I was almost down to the second floor when I heard them howl up in the room. Then I ran.

16

I came out of the building-an abandoned, crumbling, condemned brownstone, I saw now. I did not know where I was. The only unboarded door opened at the side of the brownstone into a narrow alley slick and cool with the rain. A narrow front yard was tall with brown weeds, wet in the night after the rain.

They would expect me to run to the street-the safety of a city man. So I ran left up the narrow alley and past a parked black car. At the rear corner of the condemned building I saw a shape, a face white in the night, a hand with a pistol.

“You, Fortune!”

I ran on into an open space behind the abandoned brownstone where two buildings had already been demolished leaving an emptiness in the city like a scar.
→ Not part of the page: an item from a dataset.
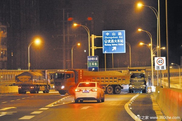 连日来,不少热心市民举报午夜货车横行鹦鹉洲长江大桥,对交通安全带来了不小隐患。本周开始,武昌交警联合区治超城管组成联合执法组,每天凌晨对超载货车、渣土车夜闯鹦鹉洲长江大桥的违法行为进行专项整治,共查处违法上桥行驶货车30余起,查扣超载货车7辆。

I scrambled over the wet mounds of debris in the open space. The voice behind the pistol in the alley had been the ex-Legionnaire “associate” of Claude Marais-Gerd Exner.

I reached the far street. It was dark and deserted, the people not yet out again after the summer storm. I trotted left toward the wider avenue, no sound of running behind me. I didn’t think they would come after me in the open when I was ready for them, but I watched the corner ahead in case they tried to head me off. There was no one at the corner. They probably didn’t even know which way I had run. I looked back down the dark street toward the open space and the alley to be sure, and saw the black car turn out of the alley toward me.

I jumped into the cover of a doorway as the black car came to the corner, but the ex-Legionnaire, Gerd Exner, saw me. The car skidded to a stop, began to back up. Exner had a gun, I didn’t, and I couldn’t know what he wanted with me, or which side he was on. I ran up the wide avenue. The black car ground gears to come after me, the traffic on the avenue light in the dark after the storm.

I reached the next corner. The street sign high on its lamppost read: 10th Avenue-19th Street. I knew where I was. I ran left again down Nineteenth Street toward the condemned building where Charlie Burgos and his boys had taken me. Before the black car and Gerd Exner could follow, I jumped down into a sunken areaway in front of an Italian market. With any luck, Exner would think I was going back to the condemned building, and drive past me.

He did. The black car went on down the street toward the condemned building. It was all the break I needed. I knew where I was now, I’d gained a few moments, and Exner had lost sight of me.

I slipped along the dark streets back to my office.

This time no one was waiting for me in my office. I locked my door, just in case. Gerd Exner would know by now where my office was. All right, what did the ex-Legionnaire want? With me, or with Charlie Burgos, or both?